JOINT STATEMENT ON TENTATIVE TRIPS WAIVER COMPROMISE
Written March 28, 2022
On March 24, AIPLA, along with the Intellectual Property Owners Association (IPO), Licensing Executives Society International (LESI), Licensing Executives Society USA & Canada, and the New York Intellectual Property Law Association (NYIPLA) issued a joint statement on the tentative TRIPs Waiver Compromise. Our organizations are concerned by reports that the European Union, India, South Africa, and the United States have reached a tentative compromise on a proposed TRIPS waiver of intellectual property (IP) rights.
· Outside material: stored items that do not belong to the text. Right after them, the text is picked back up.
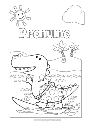 Colorare cu nume și pisici kawaii, narval, soare și popcorn – Gratuit de imprimat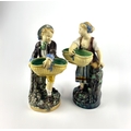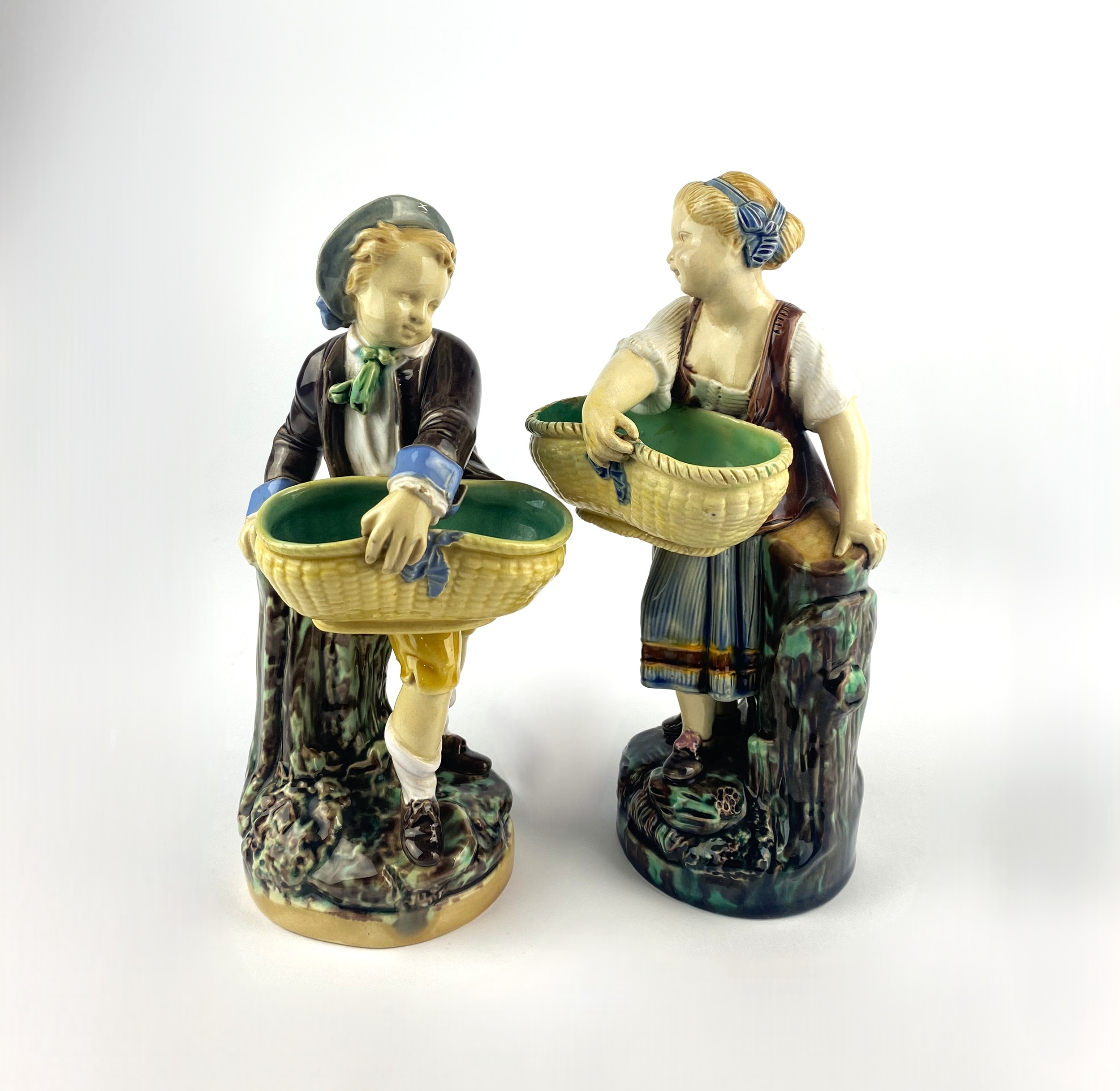 A pair of Minton majolica figural salts modelled as a girl and a boy carrying baskets 21cm high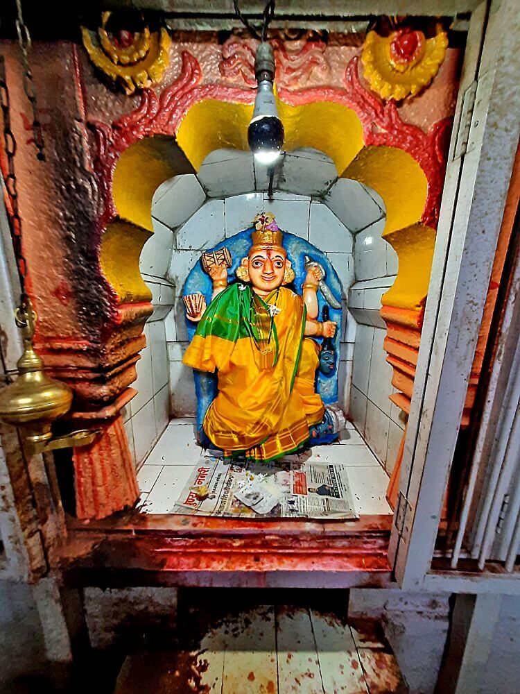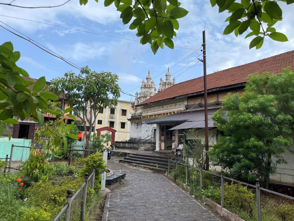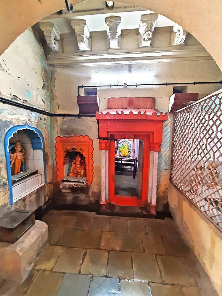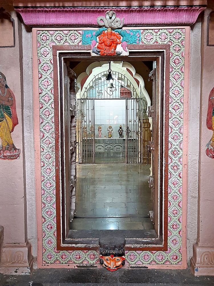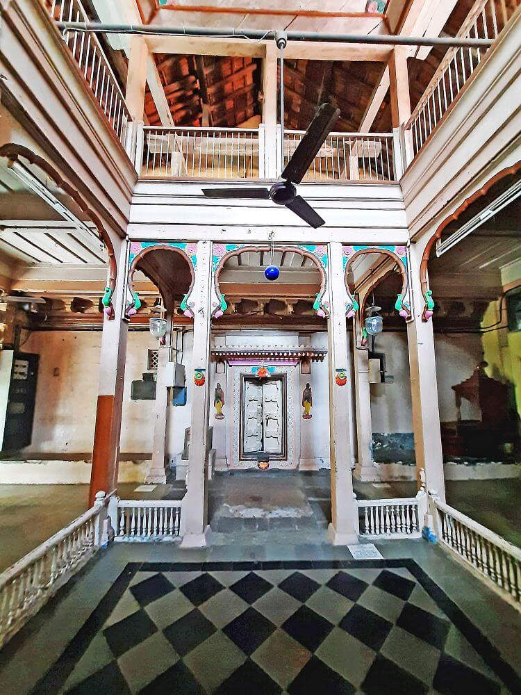 नंतरच्या काळात बांधलेला सभामंडप प्रशस्त व दुमजली आहे. या सभामंडपात शंभर वर्षांहून जुनी काचेची विविधरंगी झुंबरे आहेत. सभामंडपातून मुख्य मंदिरात प्रवेश होतो. येथे मंदिराच्या बांधकामाचा काळ सांगणारा एक जीर्ण शिलालेख आहे.

We strongly support equitable, widespread and successful distribution of vaccines necessary to meet the challenges of COVID-19. However, the proposal currently being reported incorrectly portrays IP as a barrier to production and supply of COVID-19 vaccines. Our organizations know of no evidence to support that IP is such a barrier. In fact, the World Health Organization has stated: “[w]ith global vaccine production now at nearly 1.5 billion doses per month, there is enough supply to achieve our targets, provided they are distributed equitably. This is not a supply problem; it’s an allocation problem.”1 Solving the allocation problem is best accomplished by focusing on improvements to supply chain and distribution issues, rather than by concentrating on the red herring of intellectual property as an alleged barrier. Intellectual property has been critical to the development of technology that has enabled a global COVID-19 response and it continues to fuel efforts to more effectively distribute vaccines and advance other needed technology. We should not undermine our ability to respond to this and future pandemics.